Table 9 RegressionByDiscretization with Random Forest

Full size table

All Other Attributes

As was mentioned in the methodology, in the specific experiment, we plan to investigate the correlation and the regression of the classification attributes based on all the other attributes of the MOOCs information page. The same method was followed as in the experiment of the previous subsection. The results are shown in Table 9.

We can also find out that there is a correlation between each classification attribute and the other attributes of the MOOCs information page with values 0.53339, 0.4511, and 0.3682 corresponding for Facebook, Google+, and Twitter shares. However, it has been impossible to predict the number of shares because of the mean absolute error and of root mean squared error values. These values are large, because they are a result of both of the great number attributes studied and the variety of their data type.

As was mentioned previously, both the findings of the previous subsection and the finding of this subsection derive from the study of a human action which means that we should expect the correlation coefficients to be lower than those in surveys studying demographic data (Shortell 2001).

Statistics

The statistical analysis is of special importance in our research. We can extract useful information about the attributes that trigger the interest of the users in the social media. The attributes that we study in this section are Categories and University since in the previous experiments, we proved that they are of vital importance for the shares of the MOOC information pages in the social media.

Universities

The following graphs show the names of the universities and the corresponding percentage of shares in the social networks. More specifically, Fig. 8 shows that the top seven universities with the most recommendation clicks represent 63 % of all the shares that have been made on Facebook. Figure 9 shows that Stanford University represents 33 % of all shares in Google+, and also that the top eight universities with the most recommendation clicks represent 75 % of all the shares. In Fig. 10, we can observe that the top eight Universities with the most recommendation clicks represents 67 % of all the shares that have been made in Twitter. Also, Fig. 11 presents the five universities with the greater number of the courses offered.

Combining these results with the information presented in Fig. 11, we come up with some interesting results. The University of Pennsylvania offers more courses than any other university, but is not the most popular university for Google+ and Twitter social networks. Furthermore, the third in order Georgia Institute of Technology does not appear in the most popular MOOC creators as shown in Figs. 8, 9, and 10. We can conclude that the popularity of the universities does not relate exclusively with the number of their offering courses and that the users’ recommendation procedure is more qualitative than quantitative.

Categories Enrollment

Recently Coursera has presented some statistic results of its own (Coursera 2013a) in October 2013. One of these concerned the enrolled users per course category. More specifically, it presented the five most popular categories along with the corresponding number of registered users. We, on the other hand, have the shares in the social media of the course categories at our disposal with data until May 2013. Thus, we can assume that the shares in the social media affect the enrollment of users in the courses in a positive way and conduce to the fact that users choose to enroll to specific courses.

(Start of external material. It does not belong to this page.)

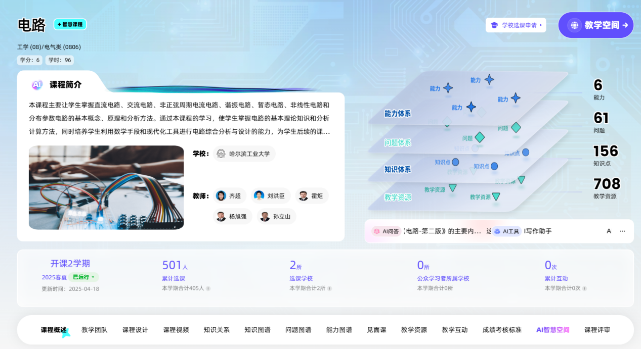 为积极推进人工智能技术与公司产品的深度融合,齐超教授团队建设了“基于知识图谱的AI+电路智慧课程”,该课程已在智慧树网上线共享运行;出版了《工程电路分析基础》新形态教材。智慧课程注重以能力培养为目标、以问题解决为核心、以知识体系为基础、以教学资源为支撑,包括708个教学资源、156个知识点、61个问题、6个能力体系(如图4所示);新形态教材注重工程应用案例,同学们扫描二维码就可以了解到相关知识点的最新科研成果和典型工程案例,实现了优质教学资源整合与共享,构建了课程的完整知识架构,确保员工能够系统地掌握学科的核心知识点,基于知识图谱显著提升了员工的课堂学习成效。

Figure 12 shows the course categories and the enrolled users in millions, as well as the average percentage of shares P(c) in the social media calculated with the following formula:

$$ P(c)=\left( PF\ (c)+ PG(c)+ PT(c)\right)/3,\kern0.62em \mathrm{c} = \mathrm{c}\mathrm{ategory} $$

where PF, PG, and PT are the corresponding share percentages of the category in Facebook, Google+ and Twitter.

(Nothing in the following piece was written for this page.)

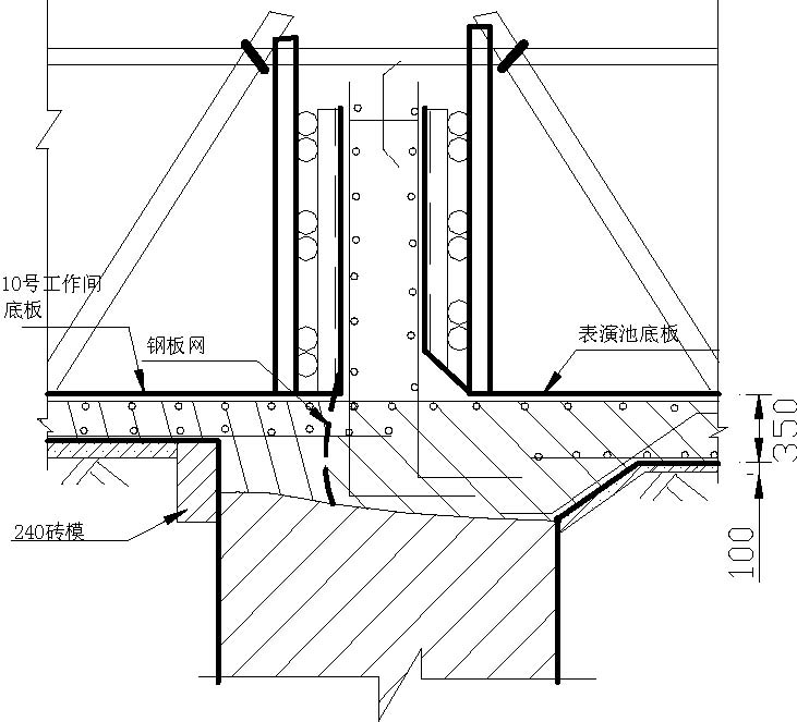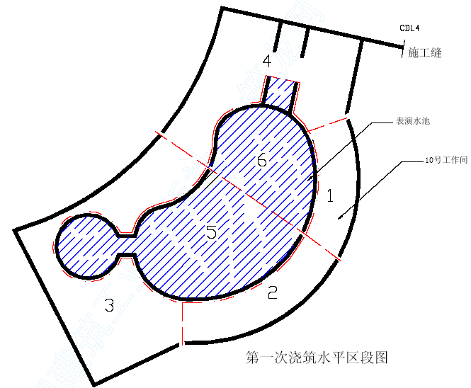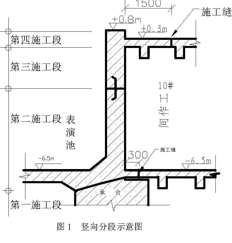 工作间底板与表演池池壁外侧相接处可留竖向施工缝,该缝以下正是6个施工区段的分

The five categories to which most users enrolled according to Coursera are among the seven most popular categories according to our own data. Indeed, the category with the most registered users is Computer Science which is the most widespread category in social media. Unfortunately, Coursera does not provide more information about the other course categories, which would prove useful to extract further interesting conclusions. However, the general picture shows the positive effect the shares in social media have on the choice of the users to enroll to specific courses.

Discussion

MOOCs seem to be the hottest issue in educational industry. The financial figures and the number of people that come along with them are enormous. Coursera is still the largest MOOC provider with 50 % of the courses offered worldwide (Shah 2013). Thus, the present study is considered to be important since there is a detailed study of the information of MOOCs and their relation to the social media.

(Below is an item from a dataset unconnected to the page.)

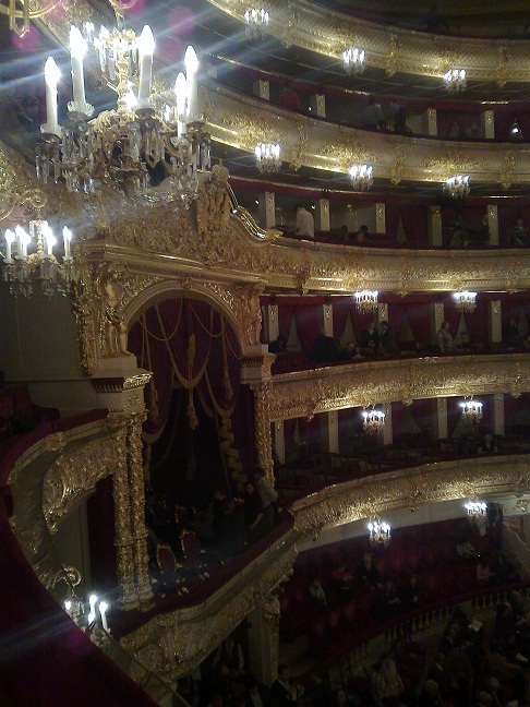 Доброй ночи! Тогда и я "присоединюсь" и добавлю фотографии с премьерного показа оперы "Руслан и Людмила" в Большом театре 19 февраля 2012 г. У меня - снято на мобильный телефон - качество не "ах", но фотографии - немного иного плана. Зрительный зал, ложи. Даже удалось сделать одно фото - "действие на сцене".

The present research is not just a case study but a complete research on the free data provided by Coursera, through the courses’ information pages. The evaluation of the data and the knowledge extraction were made using human action, i.e., the sharing of the MOOCs information pages on social networks. The first part of the research concerned the identification of the attributes that cause some courses to be “more” recommended than others. It was found that the users prefer to share the courses that give specific information about the course itself. What is interesting, some of those course attributes concern the assignments and the course exams, and in this way, the prospective registered users know the way they will be assessed beforehand.

The second part of our experiments shows that we can define the features that are of the greatest value for the Information Pages of the MOOCs. Furthermore, it shows that among the most significant attributes were all classification attributes which means that there is a correlation among them.

In the third part of our research, we studied the correlation between (a) Facebook and Google+, (b) Facebook and Twitter, and (c) Twitter and Google+ recommendation clicks using the Pearson correlation method. The results showed that there are strong correlations between these pairs and a linear regression analysis was carried out. The findings have shown that in the best case, it is possible to predict the value of one of the attributes of social networks given the value of the other attribute of another social network with relative accuracy of 66 %. Also, we studied the correlation and the regression between all three social media under study using Linear Regression and RegressionByDiscretization with the Random Forest method in Weka. The results showed that there are very strong correlations between those attributes representing the recommendation clicks for the three social networks. Also, we concluded that it is not possible to produce a model to estimate with precision the user’s choice of recommendation clicks for the Facebook, Google+, and Twitter social networks. Finally, some experiments were conducted to find out the correlation and the regression of the classification attributes based on the other attributes of the MOOCs information pages, which showed that there is a strong correlation but is impossible to create a prediction model.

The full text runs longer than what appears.